Umut and Janina meet and fall in love in a chance encounter on an Istanbul street in 2013, where rebellion simmers amongst queer and displaced youth. Using video recordings and phone calls in the fight against physical and emotional distance, Umut is caught between the momentum of sociopolitical change in Istanbul and the promise of a quieter life in Berlin with Janina.
Will You Come With Me seeks to theatrically replicate the emotional state of uprising. The playwright describes shaping considerations of Istanbul's recent past, as well as the fraught relationship between the EU (and particularly Germany) and Turkey, until she found "the individuals within them," rather than the politics. Celkan juxtaposes the complex interiorities and circumstances of two characters possessing vastly different lenses: viewing life from within an uprising-with all the responsibilities and vulnerabilities that come with it-versus from afar, with the anxiety of trying to understand the life of a loved one through a cloud of chaos. The playwright scrambles time as intimate moments between lovers shatter into distance, with these characters speaking to each other with thousands of miles-and even more unknowns-between them.
Celkan says, "Mathematically, we're seeing them over five years-but what does this mean for a person living in Istanbul from 2013-2018 and what does this mean for a person in Berlin, and how does this differ? Umut is always thinking backwards or forward-back to disappointment, forward to hope. And love complicates that, because love needs the present. We need now to love."
The play's title, as director Keenan Tyler Oliphant notes, asks whether its characters can step over a threshold that parts their experiences. In this production, he wants to evoke the sense-deeply felt in Celkan's pages-"that a void could swallow them, at any given moment."
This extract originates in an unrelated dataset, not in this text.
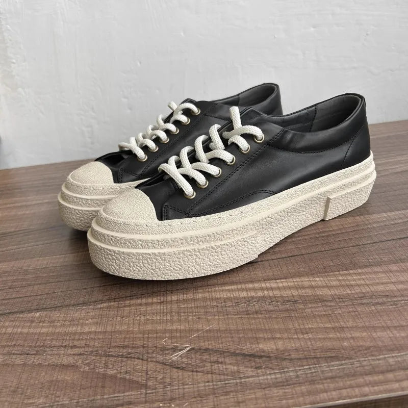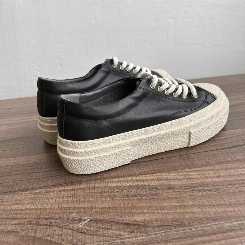 Men's Thick Platform Breathable Low Cut Lace Up Casual Skateboard Jogger Sneakers

While bearing the specifics of Istanbul and Berlin, the play resonates anywhere activist movements have been met with force and setbacks-and among anyone who has found love tested by a profound gap in experience. Subverting the tendency for stories surrounding authoritarianism to center, or even name, those who wield power, Will You Come With Me gives voice to those who resist, even after vast swaths of a movement have been suppressed or disappointed into submission. The play examines the emotional toll relentless struggle takes, and the sense of unity it brings to those whose bodies, sexualities, and gender presentations have been made into battle grounds.
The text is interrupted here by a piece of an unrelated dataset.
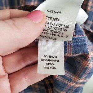 Color: blue, with a red, yellow and grey plaid print pattern

Keenan Tyler Oliphant, who is an immigrant artist from South Africa and participated in #FeesMustFall protest movements, and similarly took to the streets amidst Black Lives Matter protests in New York in 2020, says of the play, "I consider my body to be very much inside of the wake of colonization and existing at the point of conflict between Europe and Africa. What unlocked this play for me was realizing it's about one's body being at war, and how that state of being collapses time and space-because nothing can exist that is concrete and logical and chronological when you're constantly understanding yourself in relationship to oppression. I have often felt that when this experience is framed as political, the audience can easily distance themselves to a place of analysis and surveying without really considering the lived experience. But this play, instead, is visceral: it's felt in skin, in body, in time."
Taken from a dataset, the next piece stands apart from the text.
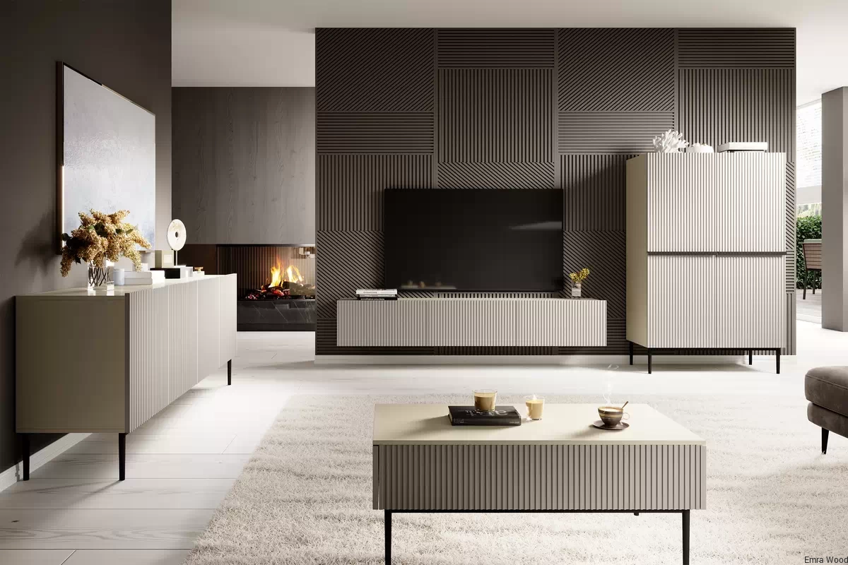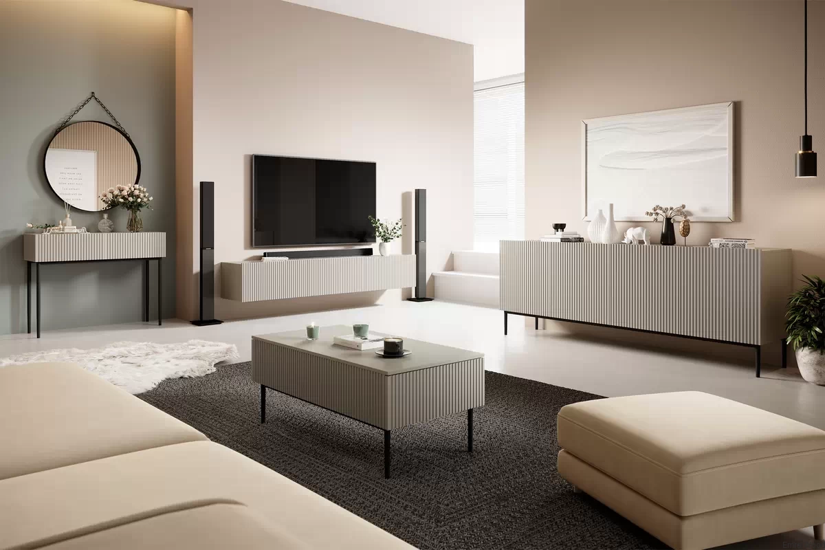 Wyobraź sobie, jak ten mebel odmienia przestrzeń Twojego salonu. Jego kolor kaszmiru, zarówno na froncie, jak i korpusie, doda wnętrzu wyrafinowania i klasy. Ryflowane fronty dodają meblowi niepowtarzalnego charakteru i osobowości. To wyjątkowy dodatek, który przyciąga wzrok i sprawia, że mebel staje się centralnym punktem aranżacji.

Kate Loewald, PlayCo's Founding Producer, and Annie Jin Wang, Associate DIrector for Programming & Communications, add, "We are absolutely delighted to bring Ebru and Keenan together to collaborate on our first in-person production in over two years. They represent the vibrancy and innovation that can emerge from the cross-cultural collaboration so central to PlayCo's mission."
Tickets will go on sale March 15, 2022.